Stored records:

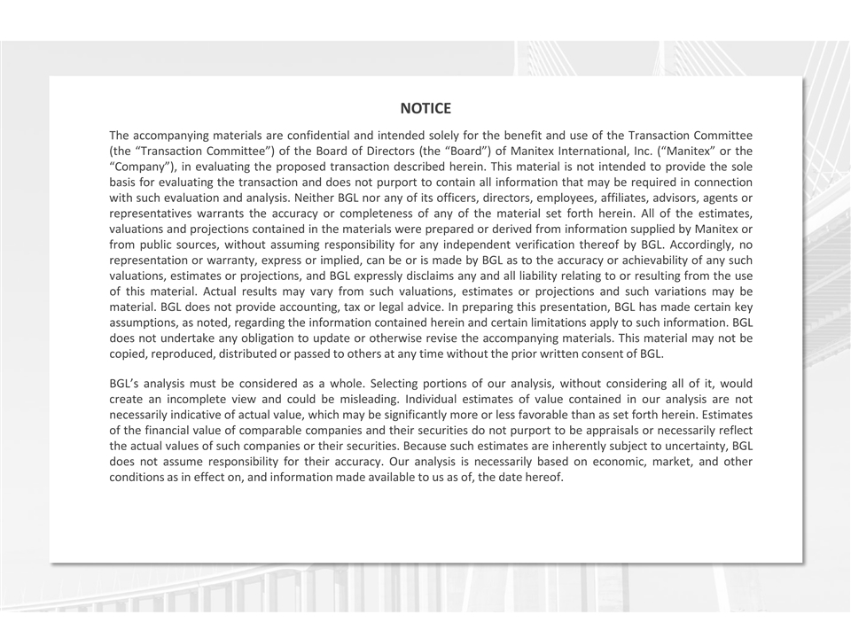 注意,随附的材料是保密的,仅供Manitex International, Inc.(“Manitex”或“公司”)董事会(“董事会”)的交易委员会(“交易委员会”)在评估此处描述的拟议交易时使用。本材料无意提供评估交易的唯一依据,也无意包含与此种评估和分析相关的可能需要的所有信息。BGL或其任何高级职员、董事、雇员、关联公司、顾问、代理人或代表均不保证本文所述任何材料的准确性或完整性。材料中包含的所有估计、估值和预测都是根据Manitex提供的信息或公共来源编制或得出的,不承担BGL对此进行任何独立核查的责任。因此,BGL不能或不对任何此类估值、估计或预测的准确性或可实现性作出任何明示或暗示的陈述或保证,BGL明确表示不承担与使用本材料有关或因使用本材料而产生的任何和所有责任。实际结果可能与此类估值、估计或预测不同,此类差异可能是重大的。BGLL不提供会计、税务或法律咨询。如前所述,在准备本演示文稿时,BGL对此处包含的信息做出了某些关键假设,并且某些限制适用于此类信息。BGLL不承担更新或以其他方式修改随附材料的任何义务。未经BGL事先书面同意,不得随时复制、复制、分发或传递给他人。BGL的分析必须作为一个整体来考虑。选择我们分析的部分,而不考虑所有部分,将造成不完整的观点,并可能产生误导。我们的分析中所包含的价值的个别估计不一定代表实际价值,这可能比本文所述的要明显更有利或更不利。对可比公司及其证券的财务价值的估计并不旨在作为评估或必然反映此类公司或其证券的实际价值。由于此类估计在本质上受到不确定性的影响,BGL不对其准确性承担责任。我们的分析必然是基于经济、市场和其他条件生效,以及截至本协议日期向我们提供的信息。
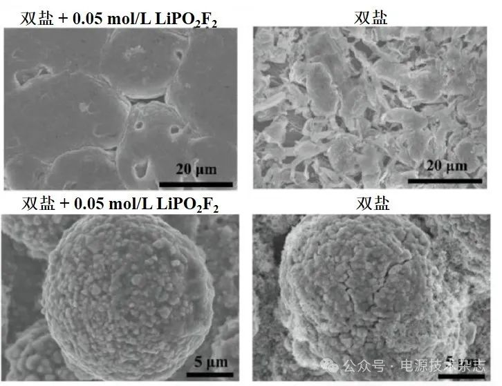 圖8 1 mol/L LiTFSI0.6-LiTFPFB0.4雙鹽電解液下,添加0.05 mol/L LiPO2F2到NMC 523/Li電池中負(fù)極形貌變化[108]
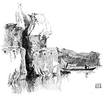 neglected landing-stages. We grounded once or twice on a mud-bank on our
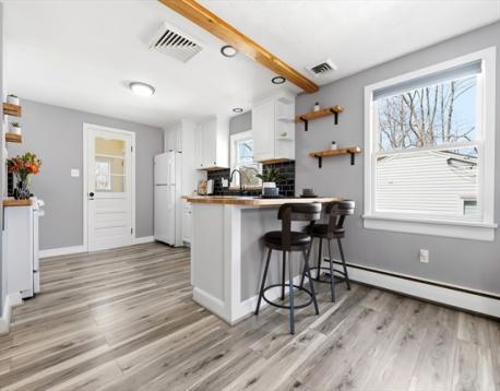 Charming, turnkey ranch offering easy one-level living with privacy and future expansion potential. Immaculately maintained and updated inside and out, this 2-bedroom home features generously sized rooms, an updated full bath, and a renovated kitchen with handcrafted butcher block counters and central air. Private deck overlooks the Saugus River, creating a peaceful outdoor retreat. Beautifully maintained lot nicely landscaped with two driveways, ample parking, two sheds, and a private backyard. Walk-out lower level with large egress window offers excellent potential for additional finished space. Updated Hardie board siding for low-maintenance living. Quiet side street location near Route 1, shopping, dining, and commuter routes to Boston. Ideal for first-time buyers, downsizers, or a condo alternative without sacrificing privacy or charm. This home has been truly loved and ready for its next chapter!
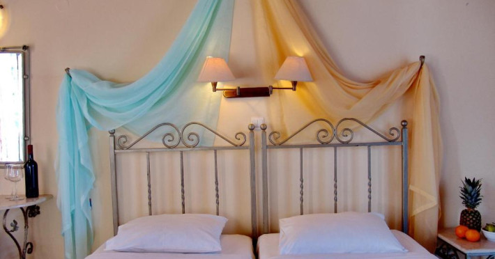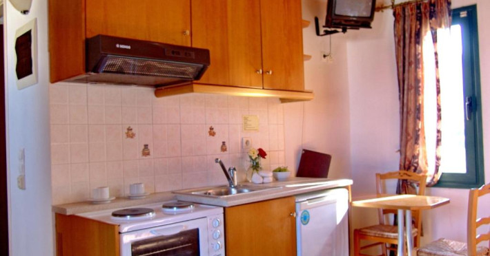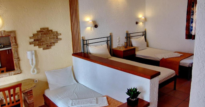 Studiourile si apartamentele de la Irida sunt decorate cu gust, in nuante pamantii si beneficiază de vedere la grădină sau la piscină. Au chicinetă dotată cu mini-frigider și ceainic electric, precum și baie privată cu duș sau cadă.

### What this task involves
Start at the top of the entries and repeat each line exactly, ending at the line that contains "Charming, turnkey ranch". Pictures are not part of the copy.

### Output
 注意,随附的材料是保密的,仅供Manitex International, Inc.(“Manitex”或“公司”)董事会(“董事会”)的交易委员会(“交易委员会”)在评估此处描述的拟议交易时使用。本材料无意提供评估交易的唯一依据,也无意包含与此种评估和分析相关的可能需要的所有信息。BGL或其任何高级职员、董事、雇员、关联公司、顾问、代理人或代表均不保证本文所述任何材料的准确性或完整性。材料中包含的所有估计、估值和预测都是根据Manitex提供的信息或公共来源编制或得出的,不承担BGL对此进行任何独立核查的责任。因此,BGL不能或不对任何此类估值、估计或预测的准确性或可实现性作出任何明示或暗示的陈述或保证,BGL明确表示不承担与使用本材料有关或因使用本材料而产生的任何和所有责任。实际结果可能与此类估值、估计或预测不同,此类差异可能是重大的。BGLL不提供会计、税务或法律咨询。如前所述,在准备本演示文稿时,BGL对此处包含的信息做出了某些关键假设,并且某些限制适用于此类信息。BGLL不承担更新或以其他方式修改随附材料的任何义务。未经BGL事先书面同意,不得随时复制、复制、分发或传递给他人。BGL的分析必须作为一个整体来考虑。选择我们分析的部分,而不考虑所有部分,将造成不完整的观点,并可能产生误导。我们的分析中所包含的价值的个别估计不一定代表实际价值,这可能比本文所述的要明显更有利或更不利。对可比公司及其证券的财务价值的估计并不旨在作为评估或必然反映此类公司或其证券的实际价值。由于此类估计在本质上受到不确定性的影响,BGL不对其准确性承担责任。我们的分析必然是基于经济、市场和其他条件生效,以及截至本协议日期向我们提供的信息。
 圖8 1 mol/L LiTFSI0.6-LiTFPFB0.4雙鹽電解液下,添加0.05 mol/L LiPO2F2到NMC 523/Li電池中負(fù)極形貌變化[108]
 neglected landing-stages. We grounded once or twice on a mud-bank on our
 Charming, turnkey ranch offering easy one-level living with privacy and future expansion potential. Immaculately maintained and updated inside and out, this 2-bedroom home features generously sized rooms, an updated full bath, and a renovated kitchen with handcrafted butcher block counters and central air. Private deck overlooks the Saugus River, creating a peaceful outdoor retreat. Beautifully maintained lot nicely landscaped with two driveways, ample parking, two sheds, and a private backyard. Walk-out lower level with large egress window offers excellent potential for additional finished space. Updated Hardie board siding for low-maintenance living. Quiet side street location near Route 1, shopping, dining, and commuter routes to Boston. Ideal for first-time buyers, downsizers, or a condo alternative without sacrificing privacy or charm. This home has been truly loved and ready for its next chapter!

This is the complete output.